Task
Images stay out; everything else in the records is to be set down exactly.

=== Section Start ===

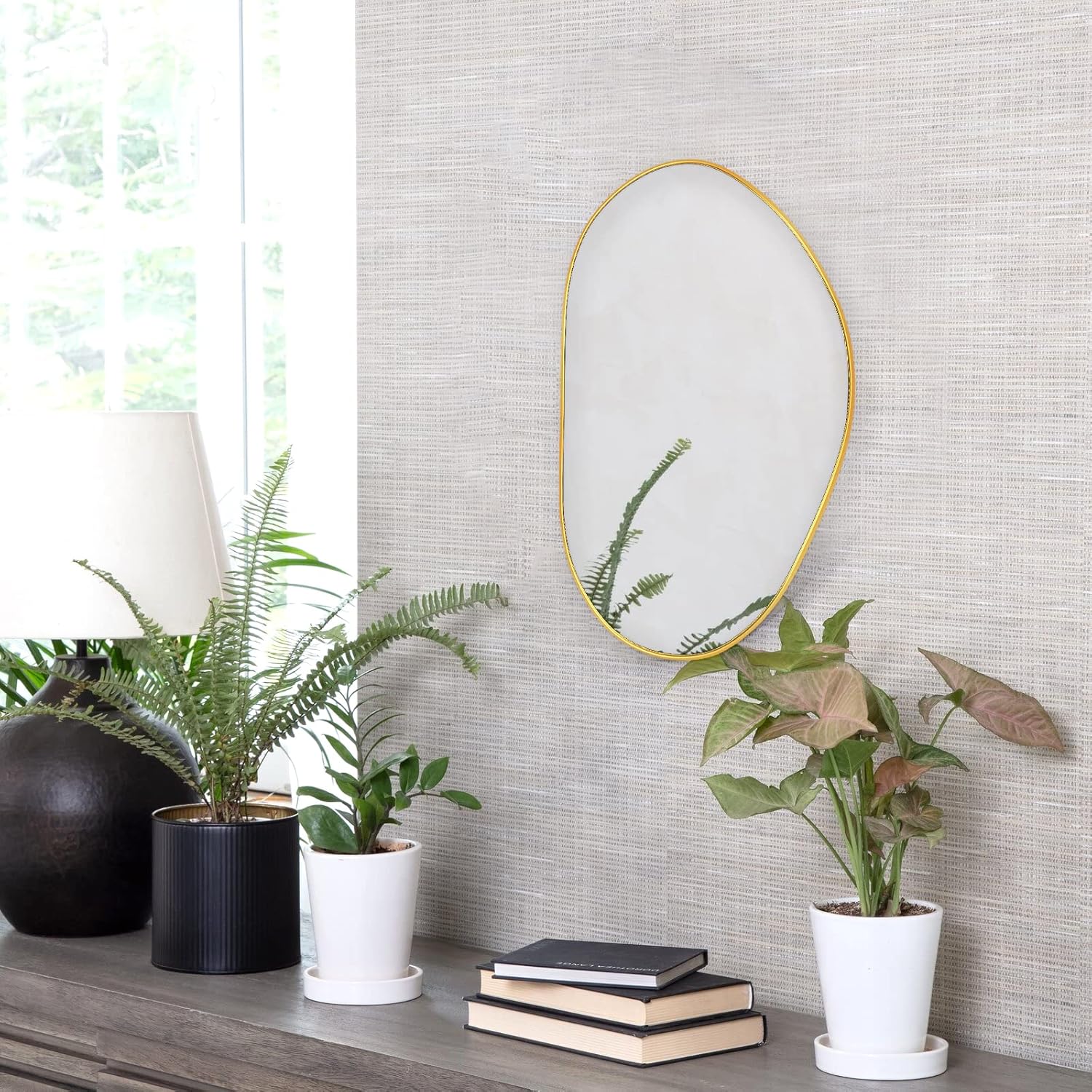 - BEAUTY YOUR SPACE with BRASS MIRROR: Sometimes a blank space of wall just need something to decor. Decor a premium brass mirror and let the large irregular mirror help contrast the design of your room and reflect the light to brighten your room. You would be surprised with the beauty brought by the simple and brass framed mirror.
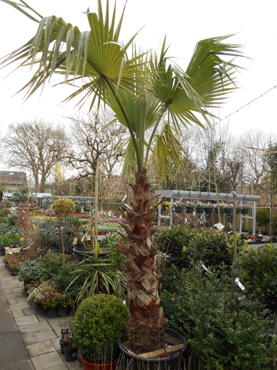 Die Washingtonia is rijp voor de vuilcontainer ik snap niet dat je als tuincentrum zo'n plant nog laat staan..
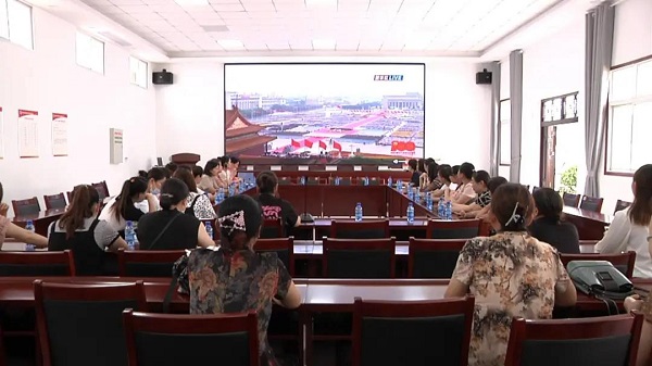 在六指街武汉东方荣升米业有限公司,区妇联组织各界优秀妇女代表集中收看了庆祝大会电视直播,大家激情澎湃,豪情满怀,为祖国的强盛感到自豪。
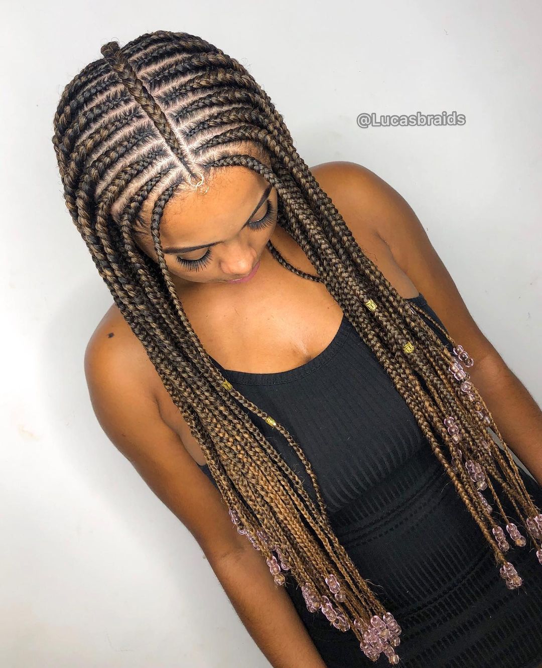 The classic Fulani braids are characterized by cornrows on the sides and a central section of braids that are adorned with beads. This iconic style allows for creative patterns and designs, with the beads adding a touch of elegance and cultural significance. Show your braider a picture of a classic Fulani braid style that catches your eye, and let them work their magic in creating a stunning and intricate look.
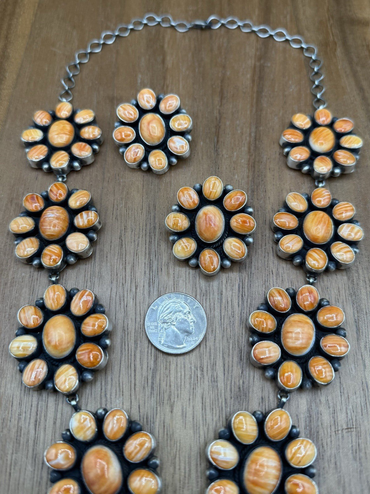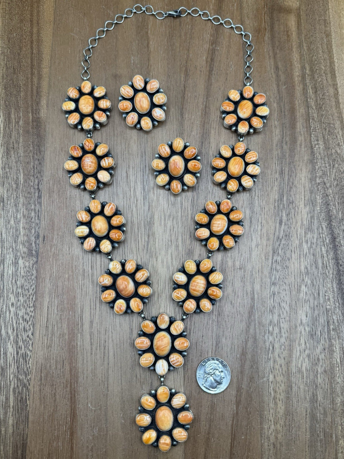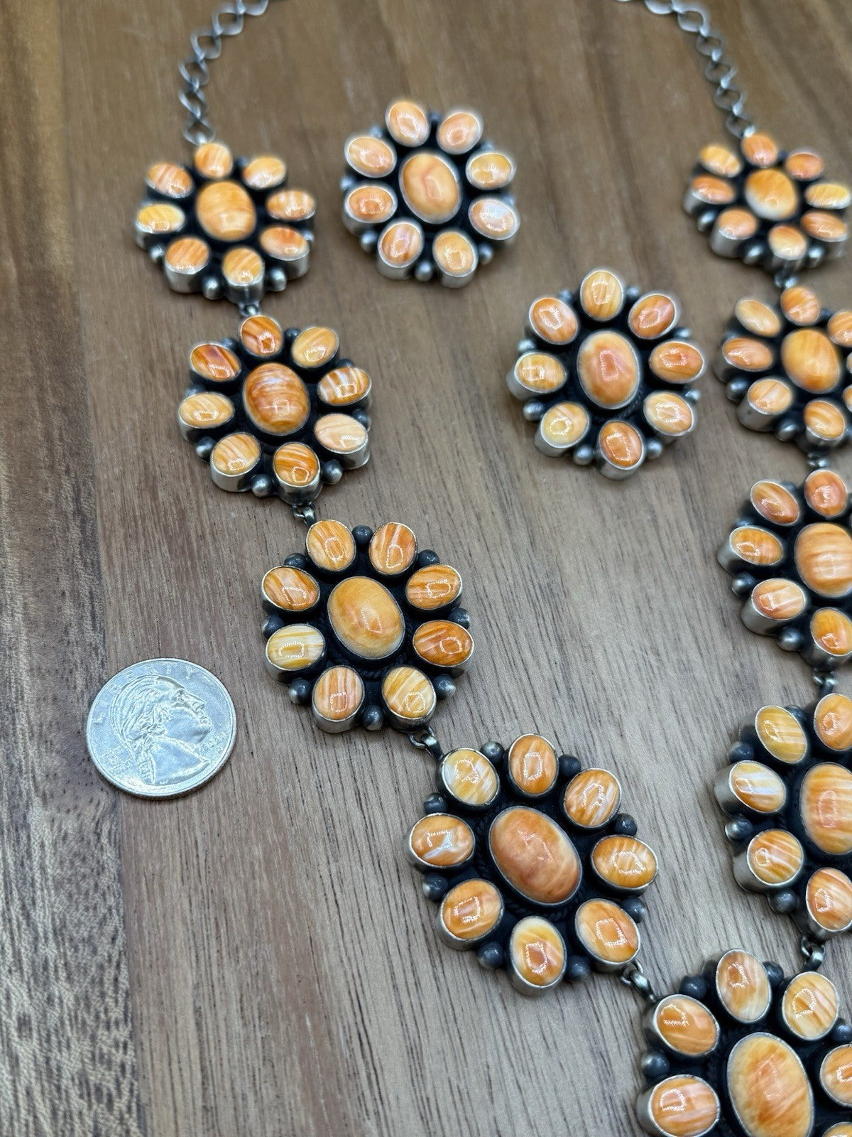 Navajo Handmade Silver Orange Spiny Oyster Cluster Lariat Dangle Necklace 24”
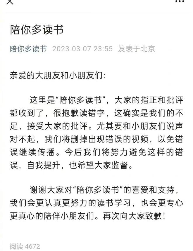 网易娱乐3月8日报道 7日,黄磊大女儿黄多多的读书公众号《陪你多读书》就黄多多读错字发文道歉,“大家的指正和批评都收到了,很抱歉读错字,这确实是我们的不足,接受大家的批评。尤其要和小朋友们说声对不起,我们将删掉出现错误的视频,以免错误继续传播。今后我们将努力避免这样的错误,自我提升,也希望大家监督。”
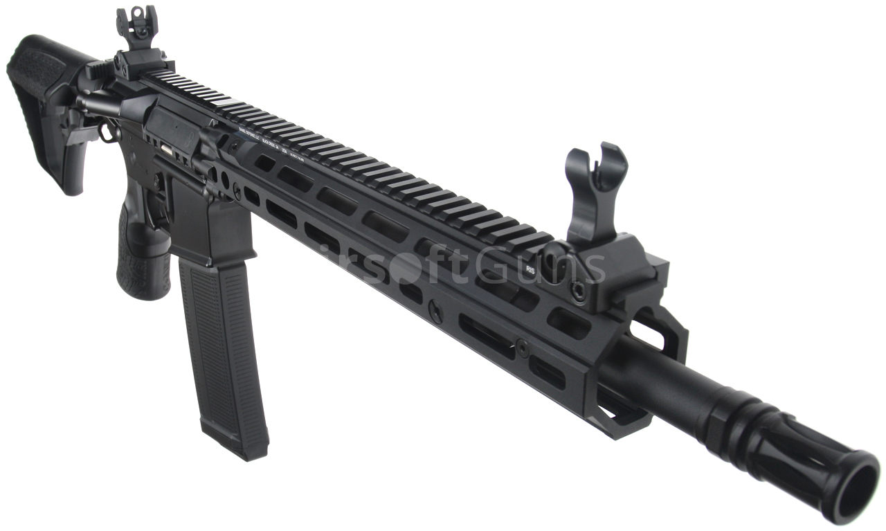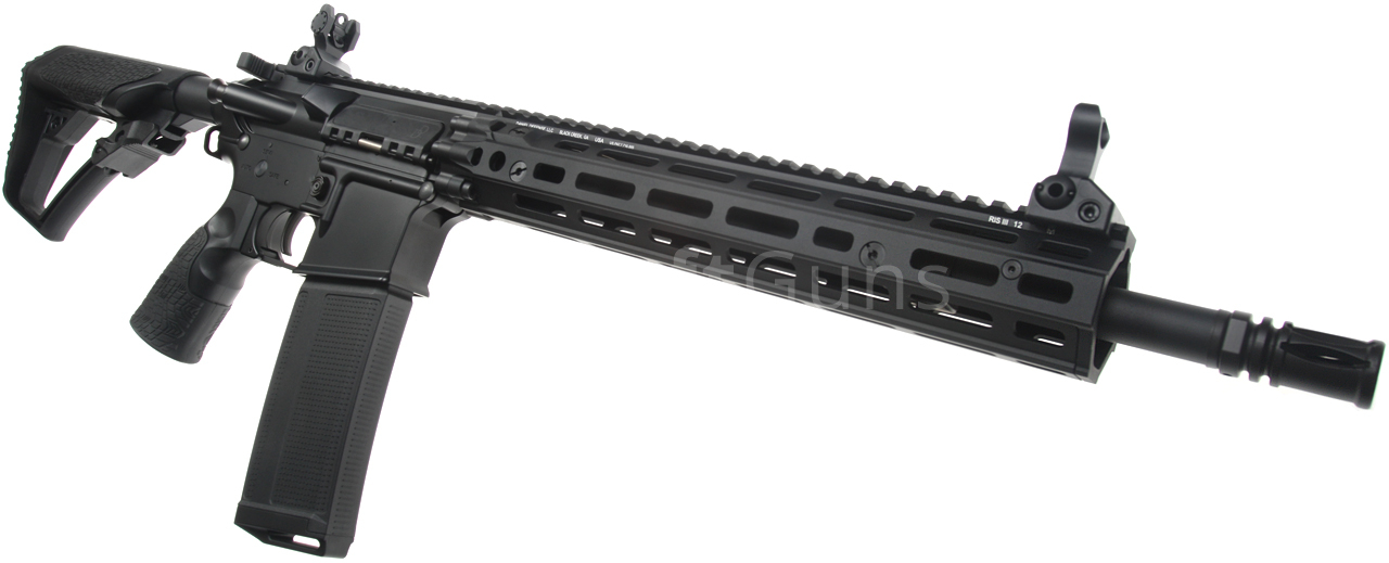 The gun is equipped with a modern CNC metal RIII M-Lok foregrip (12.5 inches), which is much lighter and narrower than a standard RIS and therefore guarantees a great grip. The modern M-Lok system allows the mounting of tactical accessories according to each user's preferences.
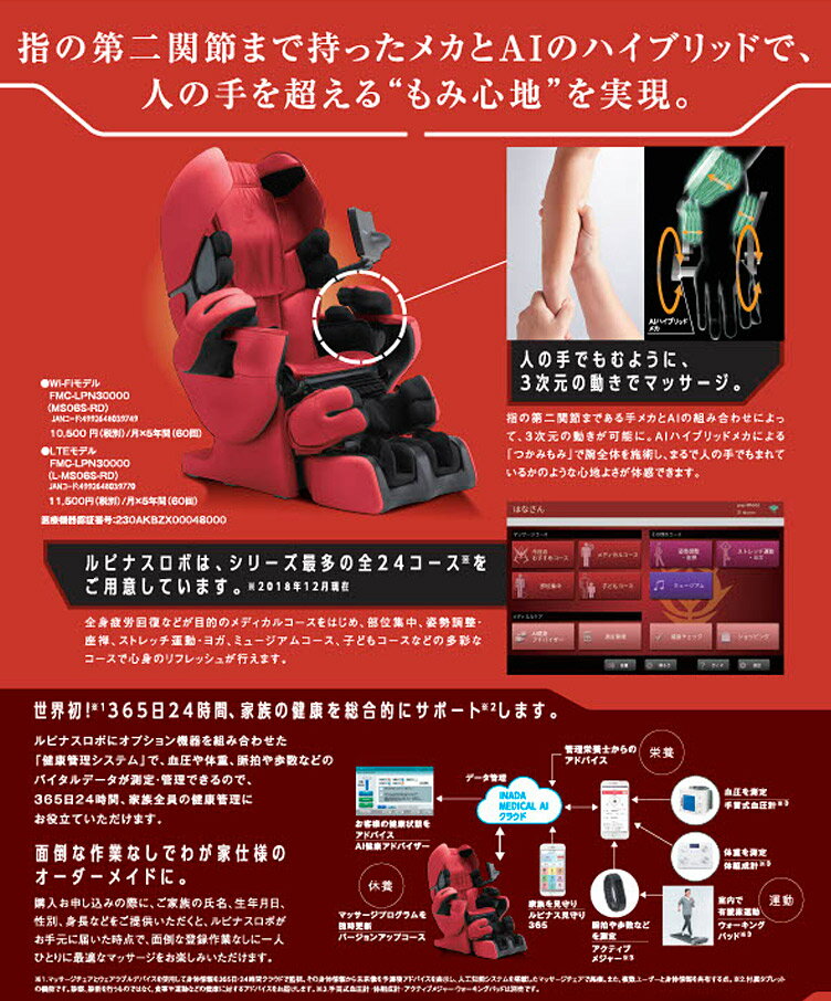 (提供)ファミリーイナダ 商品説明 名称 シャア専用ルピナスロボ Wi-Fiモデル 仕様 ●本体サイズ…幅100cm×高さ143cm(110cm)×奥行き143cm(217cm)※( )内の数字はフルリクライニング時の寸法 ●色展開…レッド ●外装布地…合成皮革 ●付属品…タブレット(10.1インチ)●もみ幅…最小2cm〜最大19.4cm ●リクライニング角度…水平面に対して約98°〜約155°無段階(電動リクライニング) ●音源の外部入力…有 ●使用電源…AC100V50-60Hz ●定格消費電力…270W(ヒーター使用時)ヒーターのみ動作時の定格消費電力38W ●重量…約115kg ●メーカー保証期間…5年間 ・ふるさと納税よくある質問はこちら ・寄付申込みのキャンセル、返礼品の変更・返品はできません。

=== Section End ===

Exercise answer
 - BEAUTY YOUR SPACE with BRASS MIRROR: Sometimes a blank space of wall just need something to decor. Decor a premium brass mirror and let the large irregular mirror help contrast the design of your room and reflect the light to brighten your room. You would be surprised with the beauty brought by the simple and brass framed mirror.
 Die Washingtonia is rijp voor de vuilcontainer ik snap niet dat je als tuincentrum zo'n plant nog laat staan..
 在六指街武汉东方荣升米业有限公司,区妇联组织各界优秀妇女代表集中收看了庆祝大会电视直播,大家激情澎湃,豪情满怀,为祖国的强盛感到自豪。
 The classic Fulani braids are characterized by cornrows on the sides and a central section of braids that are adorned with beads. This iconic style allows for creative patterns and designs, with the beads adding a touch of elegance and cultural significance. Show your braider a picture of a classic Fulani braid style that catches your eye, and let them work their magic in creating a stunning and intricate look.
 Navajo Handmade Silver Orange Spiny Oyster Cluster Lariat Dangle Necklace 24”
 网易娱乐3月8日报道 7日,黄磊大女儿黄多多的读书公众号《陪你多读书》就黄多多读错字发文道歉,“大家的指正和批评都收到了,很抱歉读错字,这确实是我们的不足,接受大家的批评。尤其要和小朋友们说声对不起,我们将删掉出现错误的视频,以免错误继续传播。今后我们将努力避免这样的错误,自我提升,也希望大家监督。”
 The gun is equipped with a modern CNC metal RIII M-Lok foregrip (12.5 inches), which is much lighter and narrower than a standard RIS and therefore guarantees a great grip. The modern M-Lok system allows the mounting of tactical accessories according to each user's preferences.
 (提供)ファミリーイナダ 商品説明 名称 シャア専用ルピナスロボ Wi-Fiモデル 仕様 ●本体サイズ…幅100cm×高さ143cm(110cm)×奥行き143cm(217cm)※( )内の数字はフルリクライニング時の寸法 ●色展開…レッド ●外装布地…合成皮革 ●付属品…タブレット(10.1インチ)●もみ幅…最小2cm〜最大19.4cm ●リクライニング角度…水平面に対して約98°〜約155°無段階(電動リクライニング) ●音源の外部入力…有 ●使用電源…AC100V50-60Hz ●定格消費電力…270W(ヒーター使用時)ヒーターのみ動作時の定格消費電力38W ●重量…約115kg ●メーカー保証期間…5年間 ・ふるさと納税よくある質問はこちら ・寄付申込みのキャンセル、返礼品の変更・返品はできません。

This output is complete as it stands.